Amount of Rewards and Punishments Given to Confederate (Berkowitz et al., 1981)

Two bar graphs, with two sets of bars in each. There is a bar graph for cold water (6 degrees celsius; 43 degrees farenheit), and there is a bar graph for lukewarm water (23 degrees celsius; 73 degrees farenheit). In each graph there is a punishment hurts set, and a punishment helps set. Each of the sets has two bars plotted, a rewards bar and a punishment bar. the y axis of both graphs is the amount of rewards or punishments, and it starts at 0, increases in increments of 5, to a maximum of 30. Cold water, punishment hurts set, rewards bar - 18.0. Cold water, punishment hurts set, punishment bar - 1.6. Cold water, punishment helps set, rewards bar - 24.8. Cold water, punishment helps set, punishment bar - 1.2. Lukewarm water, punishment hurts set, rewards bar - 25.0. Lukewarm water, punishment hurts set, punishment bar - 0.9. lukewarm water, punishment helps set, rewards bar - 21.1. Lukewarm water, punishment helps set, punishment bar - 2.2.

Adapted from “Physical pain and the goal of aversively stimulated aggression” by L. Berkowitz, S.T. Cochran, and M.C. Embree, M. C., Journal of Personality and Social Psychology, 40(4), p. 697 (https://doi.org/10.1037/0022-3514.40.4.687_. Copyright 1981 by the American Psychological Association.

 

Figure 9 shows the findings.  Significant differences were not found in the amount of punishments given across conditions.  In general, participants provided few punishments to the female confederate.  Significant differences were found for the amount of rewards.  In the lukewarm water condition, participants who were told the punishment would hurt responded by giving a larger amount of rewards than participants in the lukewarm water-punishment helps condition.  The finding switches for the cold-water participants.  Participants in the cold-water condition provided FEWER REWARDS when they were told the punishment would HARM the confederate versus when they were told the punishment would help.  What do these findings mean?  Participants who felt unpleasant because of the cold water exhibited more aggression as measured by providing a smaller number of rewards.  These findings partially support the CNA’s hypothesis that simple unpleasantness, even from cold water, increases anger and aggression.  Interestingly, participants in the cold water condition self-reported more anger, irritation, and unpleasantness than those in the lukewarm water condition.  But, these two groups did not differ on levels of self-reported sadness and distress.  This again supports Berkowitz’s thesis that general unpleasantness causes anger, not sadness.

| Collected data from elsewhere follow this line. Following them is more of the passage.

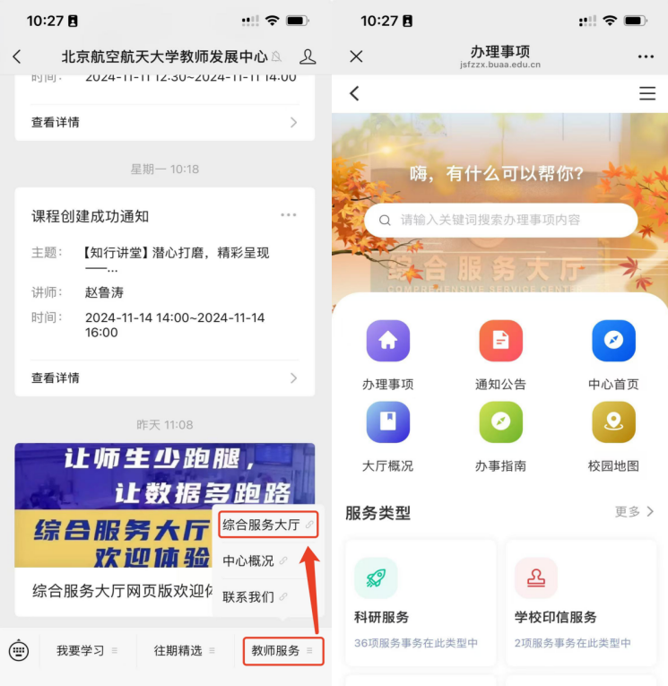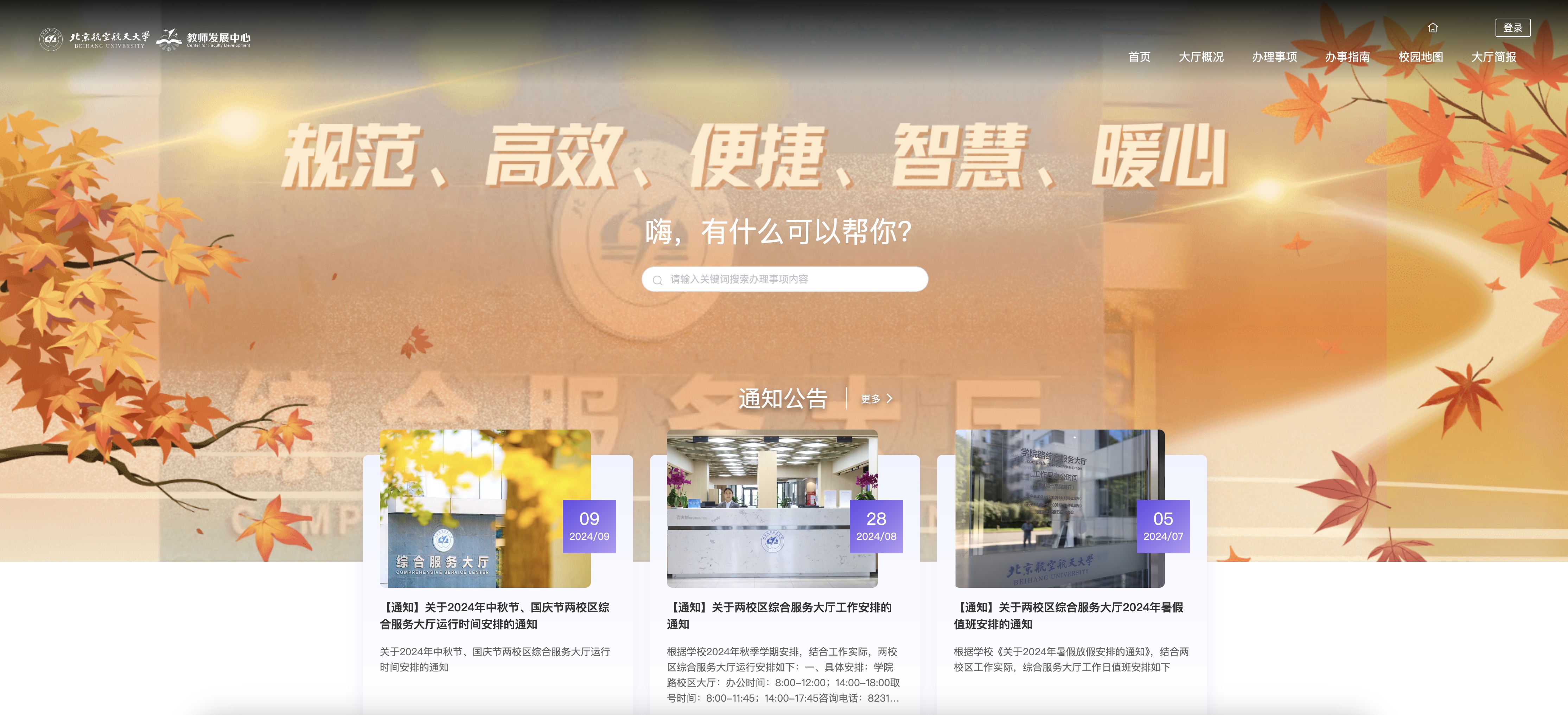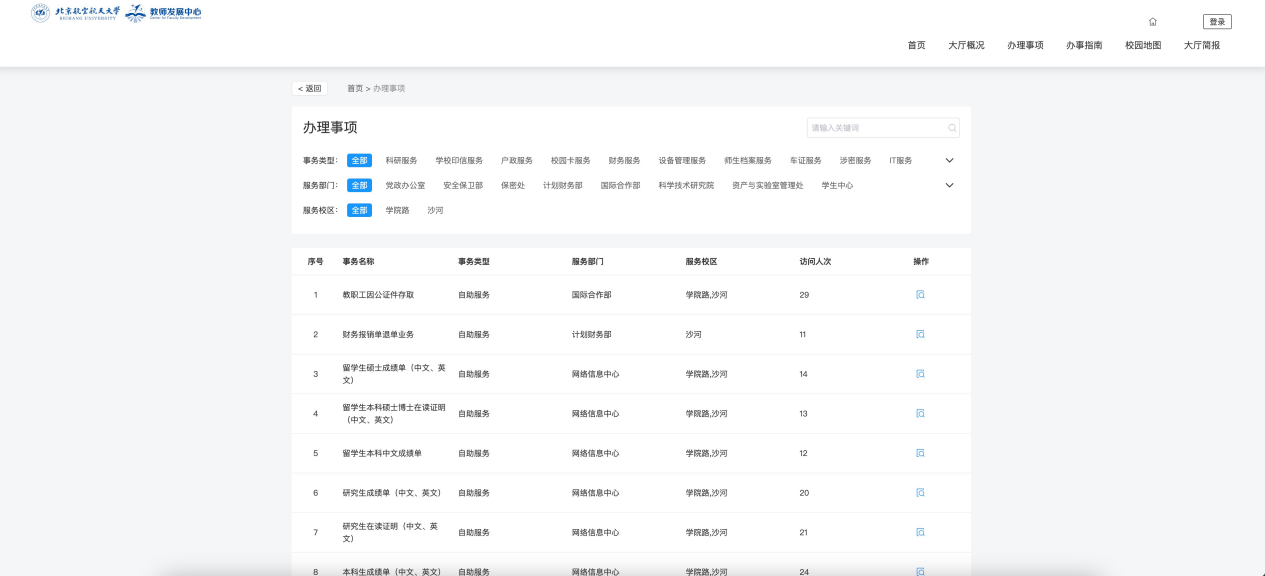 北航新闻网11月20日电(通讯员 朱蕊寒)近日,我校两校区综合服务大厅办事平台正式投入使用。该平台集成了两校区11家大厅进驻单位的共计161项办事事项,其中窗口服务144项,自助服务17项,全面覆盖了师生日常在大厅的办事需求,并对办事指南、工作指引以及申请材料等内容进行了进一步优化。
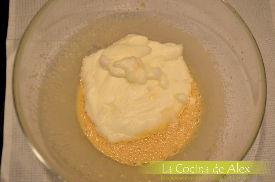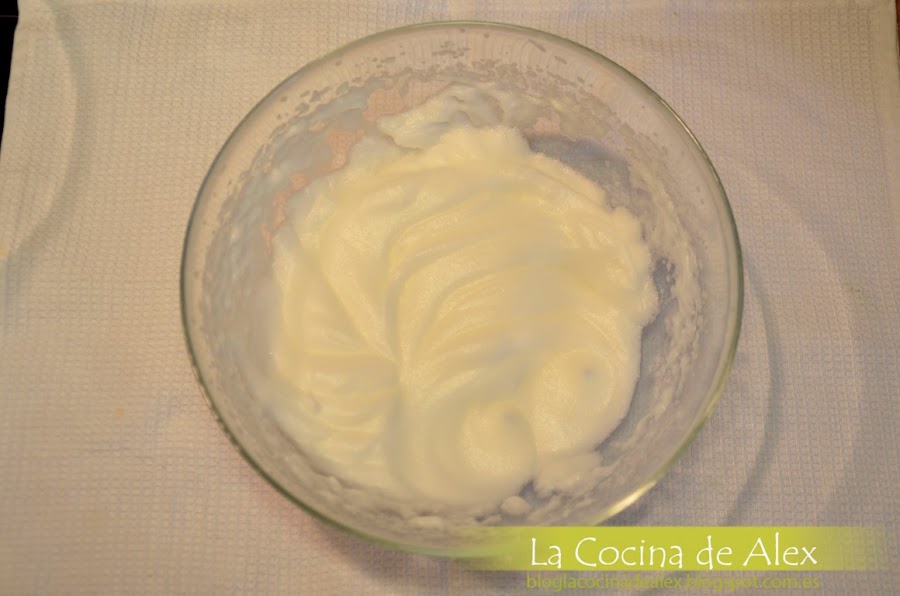 A continuación montamos las claras de los huevos a punto de nieve. Incorporamos las claras montadas a punto de nieve pero con movimientos envolventes y poco a poco para que no pierda volumen
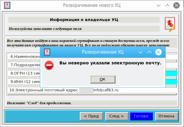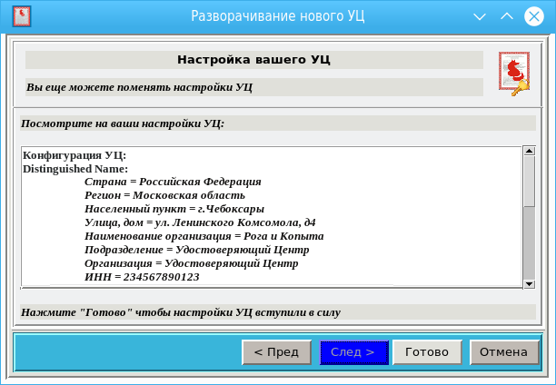 После заполнения полей информацией о владельце УЦ будет предложено определиться с системными настройками УЦ:
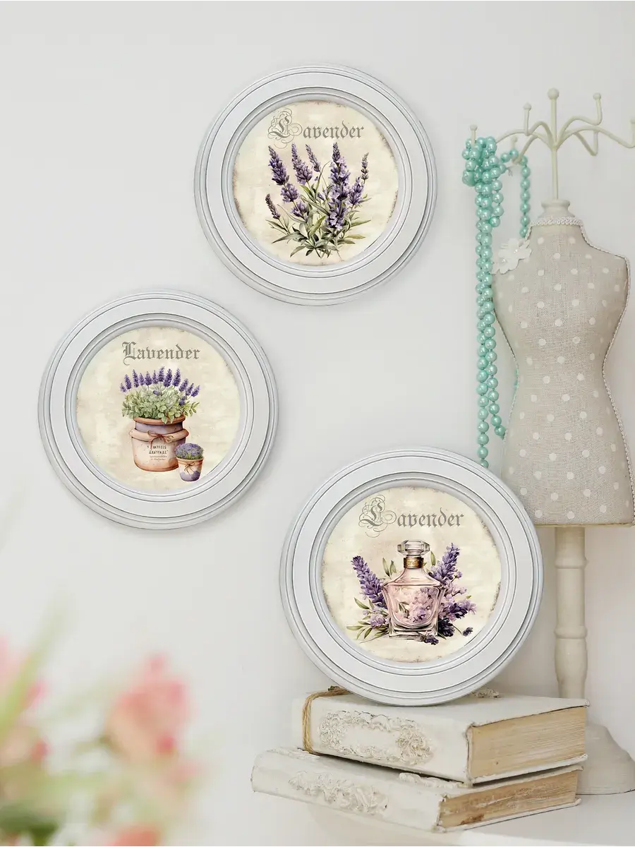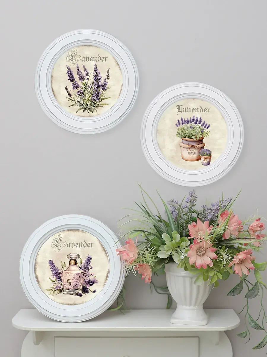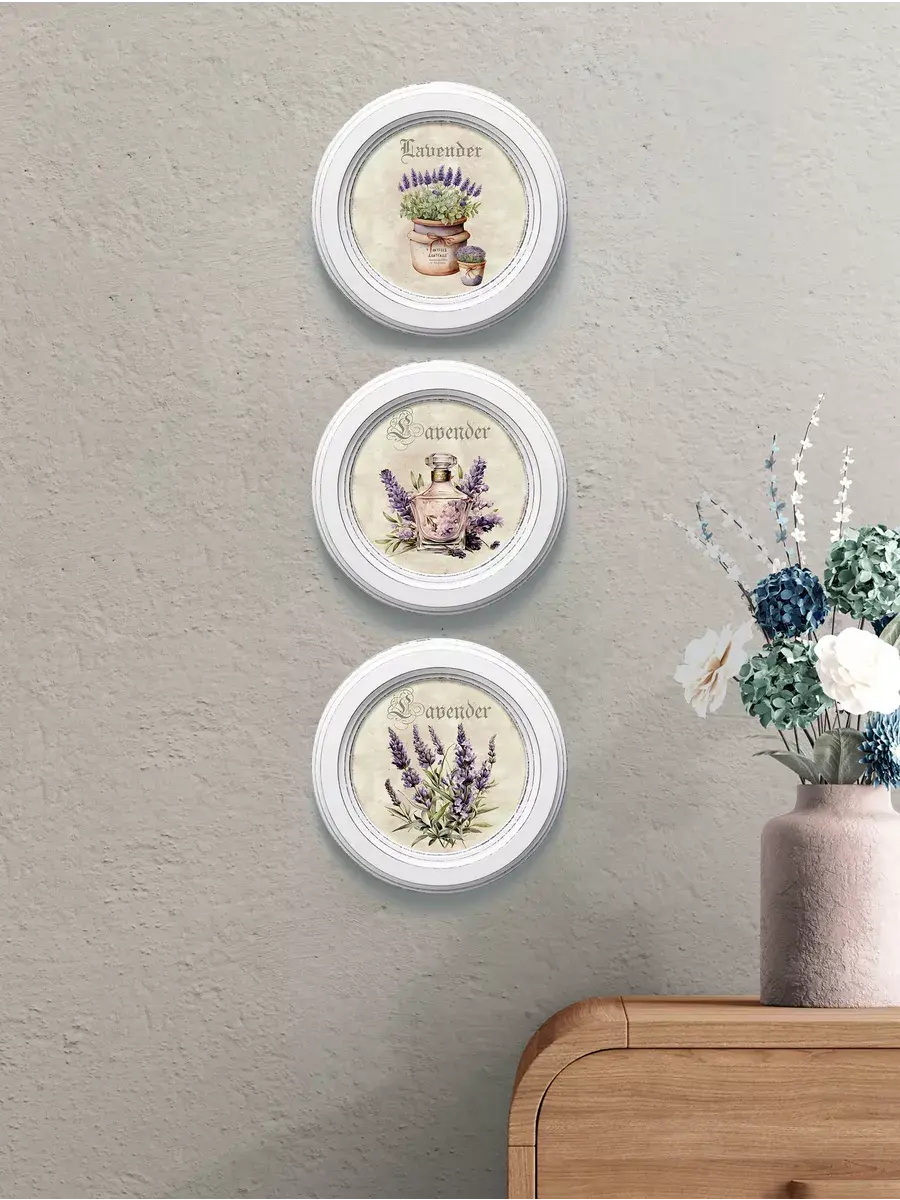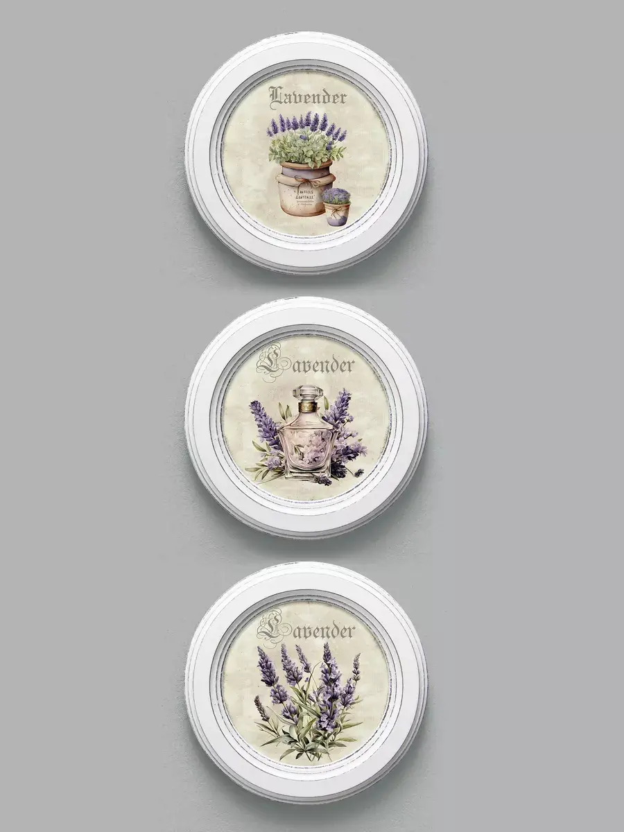 Настенный / настольный декор в стиле прованс с лавандой в белой деревянной раме. Набор из трех картин с разной лавандой для украшения интерьера дома или пасхального стола. Картины напечатаны на натуральном холсте, покрыты матовым лаком в круглой раме станет прекрасным украшением интерьера. Эта картина станет стильным акцентом в интерьере. Она идеально подойдет для оформления стен в различных помещениях: от кухни до спальни, от гостиной до прихожей. Настенное панно выполнено на холсте и отличается яркими цветами, изображающими цветы, что придаст уют и свежесть любому дому или квартире. Декоративное оформление в рамке добавит элегантности и завершенности, делая картину не только предметом декора, но и важной частью атмосферы вашего пространства. Это решение отлично впишется в интерьер офиса, зала или любой комнаты, создавая ощущение счастья и гармонии. Пусть данное предметы искусства придаст вашему дому индивидуальность и изысканный стиль.
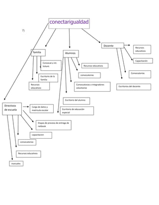 El documento proporciona instrucciones para explorar varios sitios y recursos educativos en línea. Instruye al usuario para investigar sitios como conectarigualdad.gob.ar y educ.ar, descargar aplicaciones como Excel y Cheese, crear páginas web, y compartir trabajos a través de plataformas como SlideShare y Scribd.
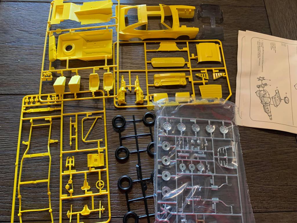 2 sets of tires and one set of rim; V8 engine; reasonable chrome tree; stripe kit (not pictured) to match the box.
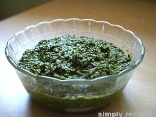 - Add the olive oil/garlic mixture in a constant stream while the food processor is on. Get everything you can out of the food processor with a rubber spatula. The mixture should be ground to a paste-like consistency but a little bit of the leaves' texture should remain.
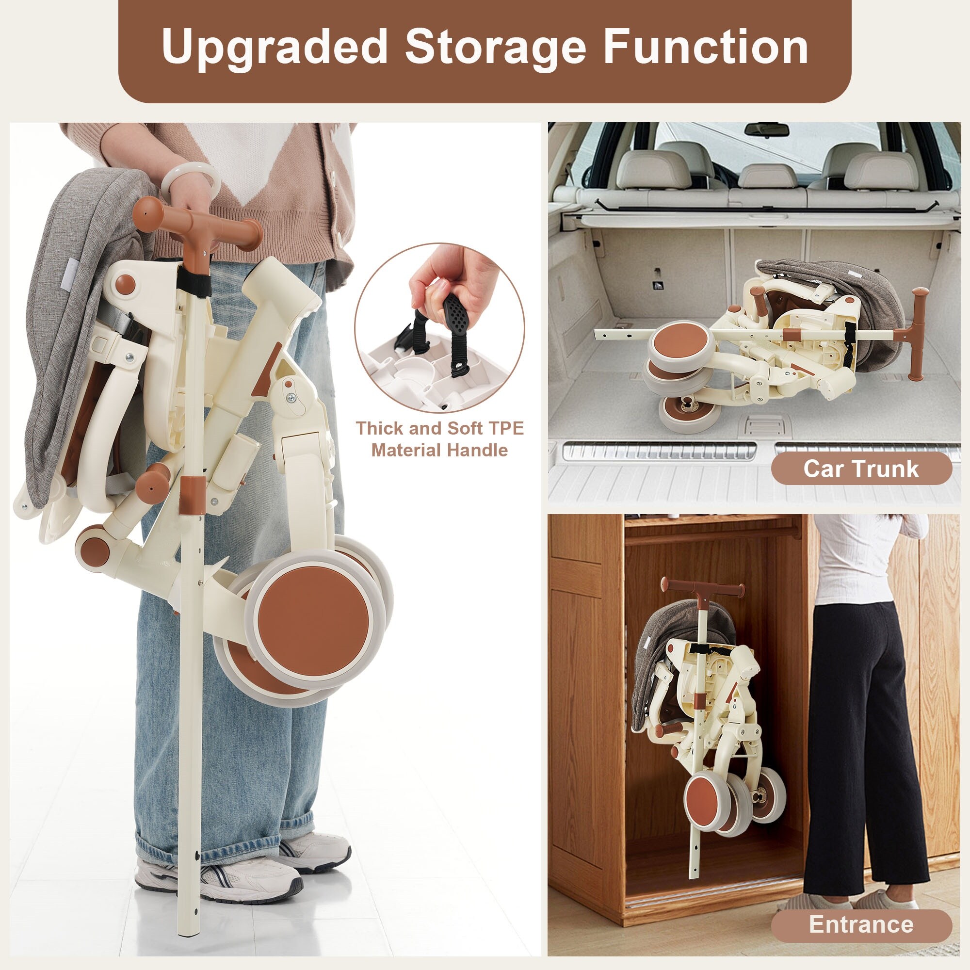 ModernLuxe 7 in 1 Baby Tricycle Foldable Toddler Tricycle with Removable and Adjustable Parent Handle Toddler Push Bike with Removable Pedal Canopy and Guardrail Tricycle for 1272 Months ivory and brown
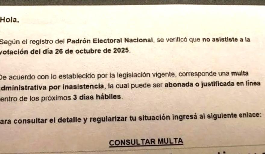 ALERTA POR CORREO FALSO SOBRE MULTAS ELECTORALES: INTENTAN ROBAR DATOS PERSONALES.
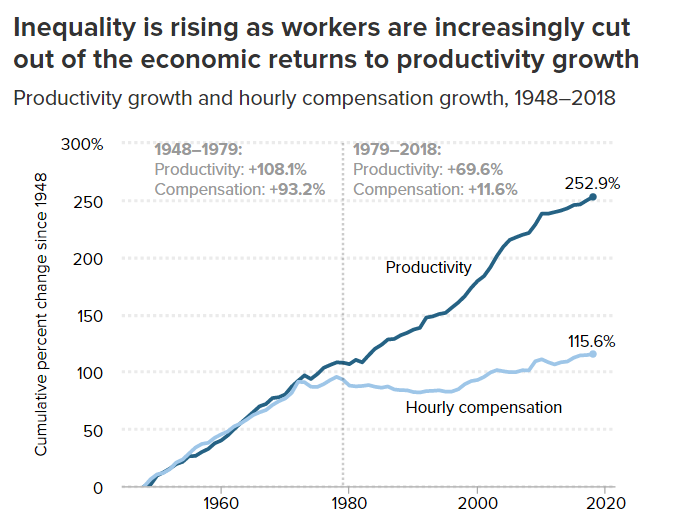 La productividad mide cuánto ingreso total se genera en toda la economía. El salario se define como la compensación promedio de los trabajadores, la referencia apropiada sería el “salario medio de los trabajadores”, aproximadamente el 80% de la fuerza laboral estadounidense. Como muestra la figura, los salarios de estos trabajadores aumentaron junto con la productividad desde 1948 hasta finales de los años setenta. Pero eso no sucedió por casualidad, ocurrió porque se adoptaron políticas específicas con el objetivo intencional de distribuir ampliamente los beneficios del crecimiento entre las clases capitalista y los trabajadores. Cuando se abandonó estos objetivos político intencionales, a finales de los años 1970 y después, los salarios y la productividad divergieron.

Many things can determine whether the escape or aggression networks are stronger – including genetics, past learning experiences, and the situational cues of the eliciting event.  In general, Berkowitz believes that fear occurs when a threat is present, whereas anger results when we feel unpleasant but a clear a threat is not present. Rudimentary Anger and Rudimentary Fear mean that early in the emotion episode we have basic feelings of anger and fear.  At this point in the model, the only cognitive appraisal we have made is the perception of unpleasantness.  Thus, we cannot clearly label the emotion. As the emotion episode continues, we engage in more conscious, higher-level critical thinking.  Our cognitive appraisals, schemas, and interpretations now may impact and change our labeling of the emotion.  Berkowitz says we begin to “differentiate feelings,” meaning we determine whether we are experiencing anger, fear, or another emotion.  At the later point in this model, we may now identify our emotion as irritation OR annoyance OR anger OR fear OR another emotion.  Once we begin to differentiate feelings, we may consciously engage in emotion regulation strategies, such as suppressing our emotion, increasing the intensity of our emotion, or behaviorally expressing our emotion.  This model shows that as the emotional episode continues, our emotional experience changes as we obtain more information.